增加中风的风险已经与许多遗传疾病相关,如上述SCD和基因遗传thrombophilic特征,唐氏综合症,NF1,威廉姆斯综合症,高胱氨酸尿,大脑常染色体显性与皮层下梗死和脑白质病动脉病(CADASIL)和Fabry疾病,线粒体encephalomyopathy乳酸酸中毒和中风(看见)9]。

AIS和CVT分享许多上述危险因素。

2.2。脑Sinovenous血栓形成(CVT)

CVT在童年是一种罕见的(每年每100000名儿童发病率0.4 - -0.7,大多数发生在新生儿期)但underrecognized障碍,经常与神经系统后遗症的多因素疾病病因学,高达40%的幸存者和死亡率接近10%。脑损伤的光谱随静脉充血实质缺血可能是大脑皮层和皮层下涉及深灰质。大多数的实质出血梗死。蛛网膜下腔和硬膜下出血少。在新生儿有一个强大的CVT和脑室出血之间的联系。感染似乎是目前最常见的相关条件。诱发系统性疾病因素包括发烧、感染、脱水、贫血、和慢性疾病如先天性心脏病、肾病综合症、自身免疫性疾病、恶性肿瘤、遗传和获得性凝血障碍。此外,局部区域等因素首先中耳炎、乳突炎,脑膜炎,头部外伤,和最近的颅内手术和CVT[紧密相关10]。

2.3。出血性中风(HS)
2.3.1。结构损伤

结构性病变占了至少一半的儿童商品。动静脉畸形(AVM)是最常见的识别结构损伤中HS(30%),和80%的儿童AVM将通过海关申报畸形。第一次出血的概率是2 - 4% /年(11]。

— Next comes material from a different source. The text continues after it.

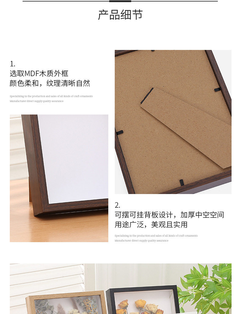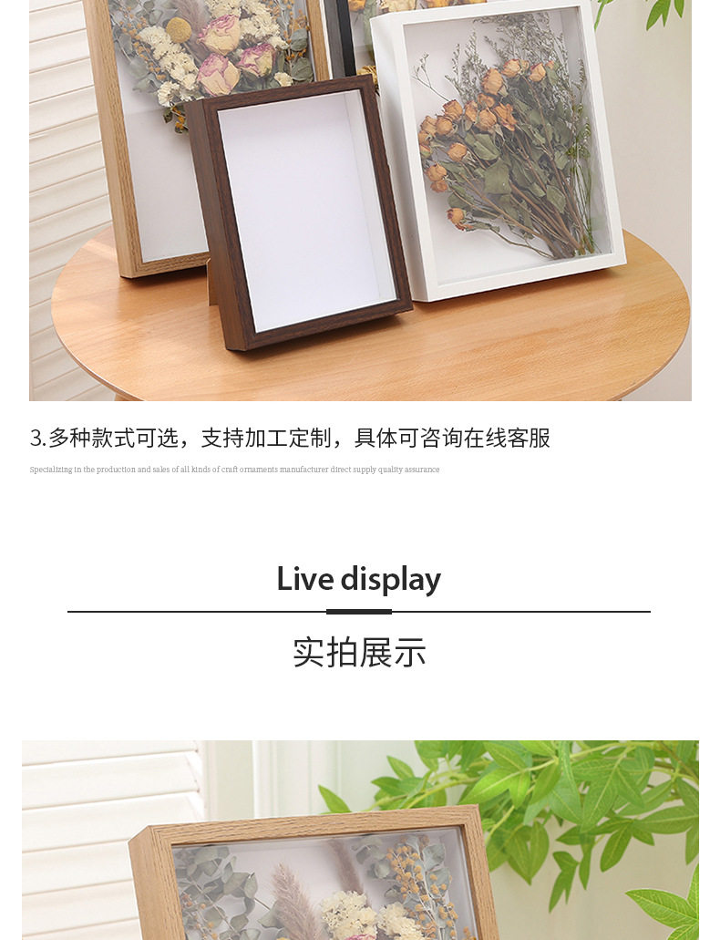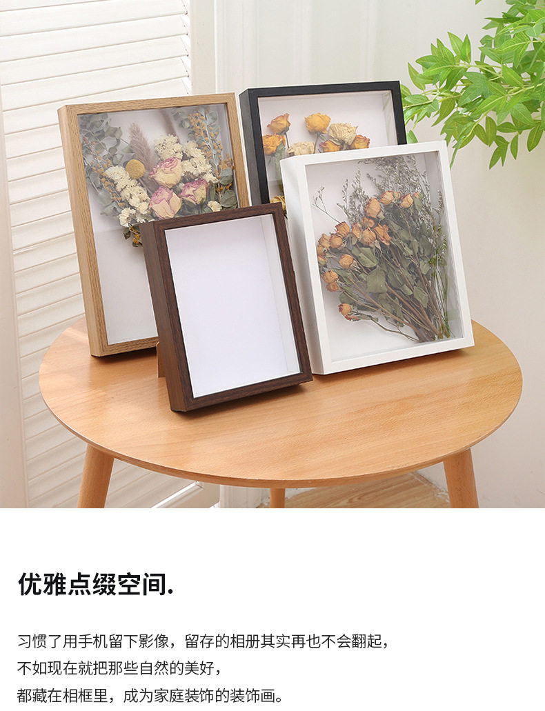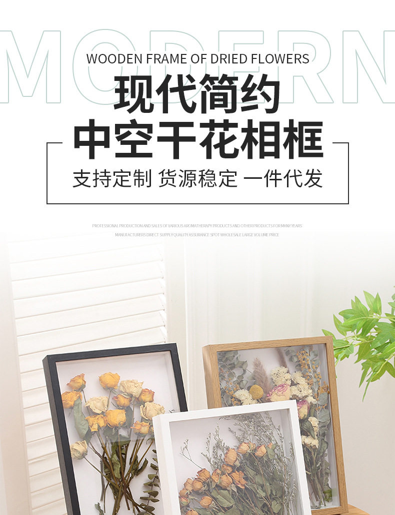Casual Wooden Dried Flower Photo Frame 3cm Stereo Hollow Dried Flower Frame Ornaments Valentine's Day Handmade Gift Frame Wholesale

绝大多数动脉脑动脉瘤在儿科时代是有症状的,他们占商品的13%,主要有蛛网膜下腔出血(SAH)。动脉瘤可能是特发性(30%)或与之相关的动脉解剖(50%)、细菌或霉菌感染(15%)、或创伤(5 - 10%)12]。在创伤情况下,海关通常呈现头部受伤后2 - 4周。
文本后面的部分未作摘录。